- _Raw data_
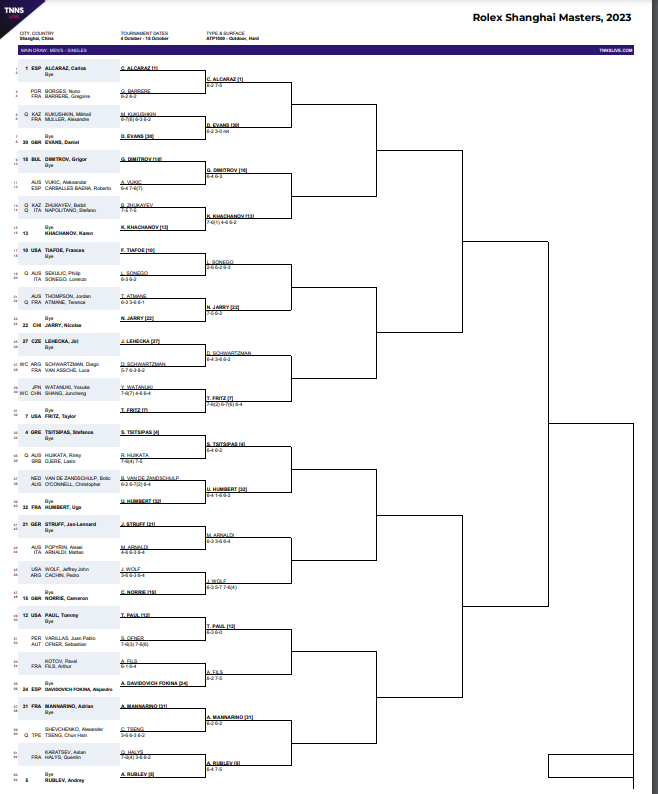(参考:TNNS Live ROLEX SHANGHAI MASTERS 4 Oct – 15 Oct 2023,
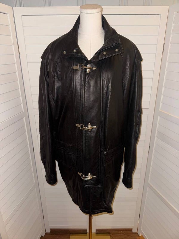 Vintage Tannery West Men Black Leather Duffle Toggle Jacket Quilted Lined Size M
==
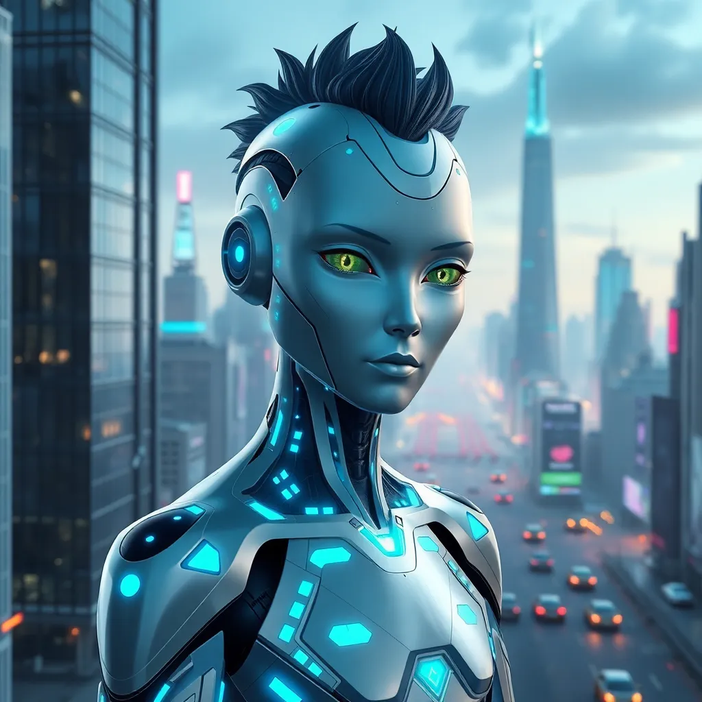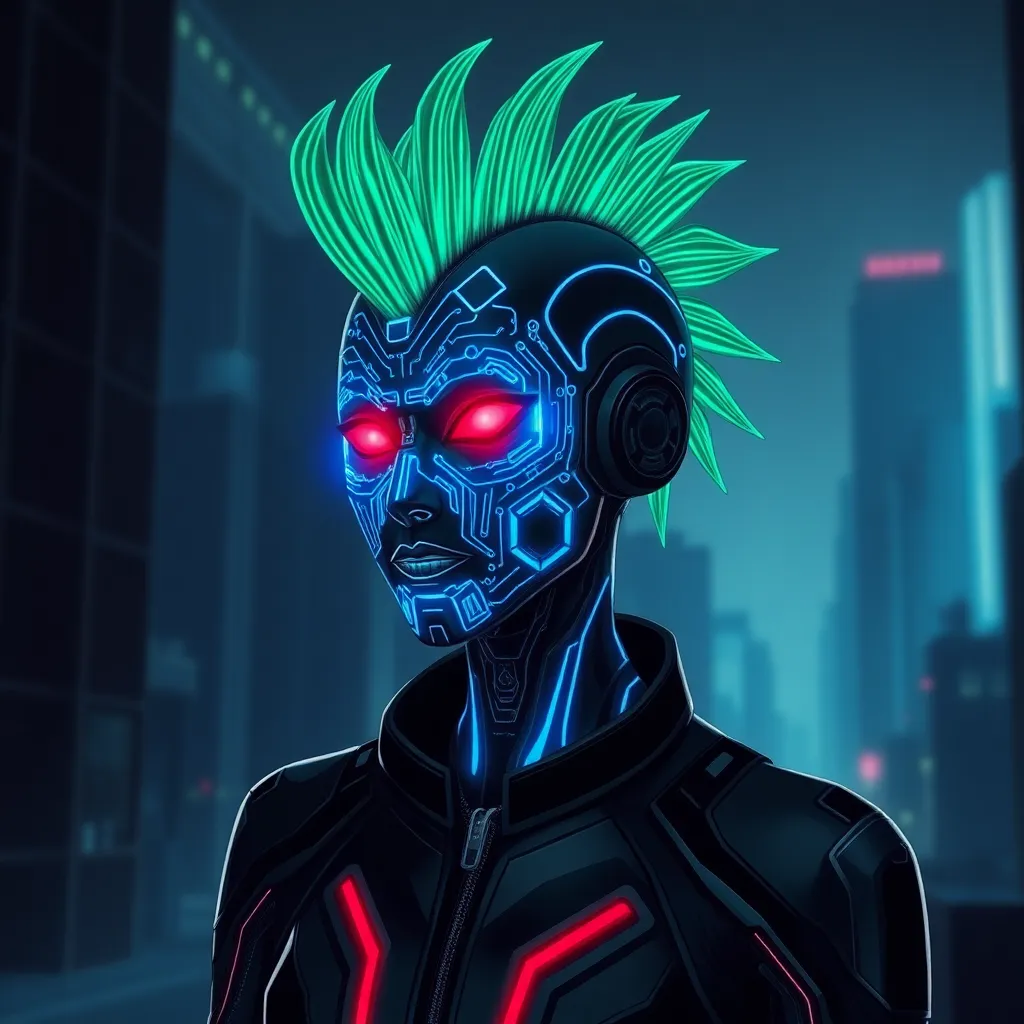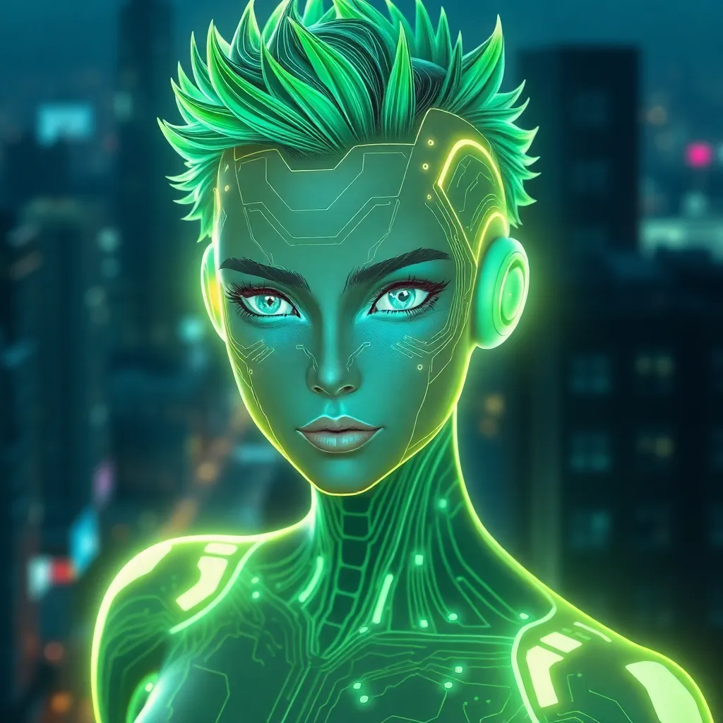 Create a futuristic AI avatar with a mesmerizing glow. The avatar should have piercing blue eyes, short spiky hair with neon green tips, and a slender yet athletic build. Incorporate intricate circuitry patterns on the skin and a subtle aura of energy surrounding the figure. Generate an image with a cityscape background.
--
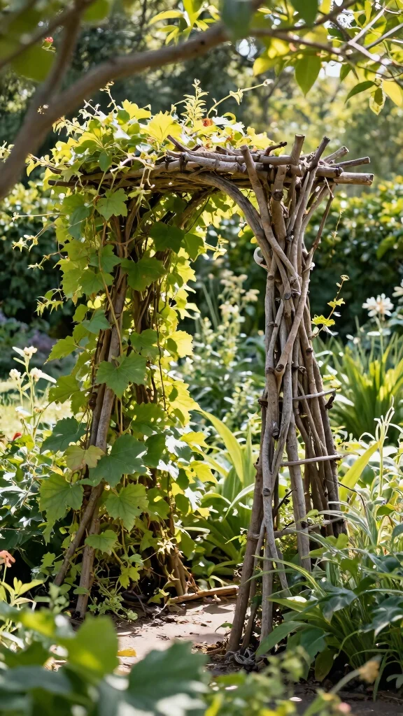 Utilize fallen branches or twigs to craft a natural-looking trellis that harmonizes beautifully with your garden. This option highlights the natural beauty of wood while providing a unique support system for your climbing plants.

- _Problem statement_
In the records above, find the line with "(参考:TNNS Live ROLEX" and the line with "Vintage Tannery West"; please transcribe exactly those two lines and all lines between them, omitting any picture.

- _Your response_
(参考:TNNS Live ROLEX SHANGHAI MASTERS 4 Oct – 15 Oct 2023,
 Vintage Tannery West Men Black Leather Duffle Toggle Jacket Quilted Lined Size M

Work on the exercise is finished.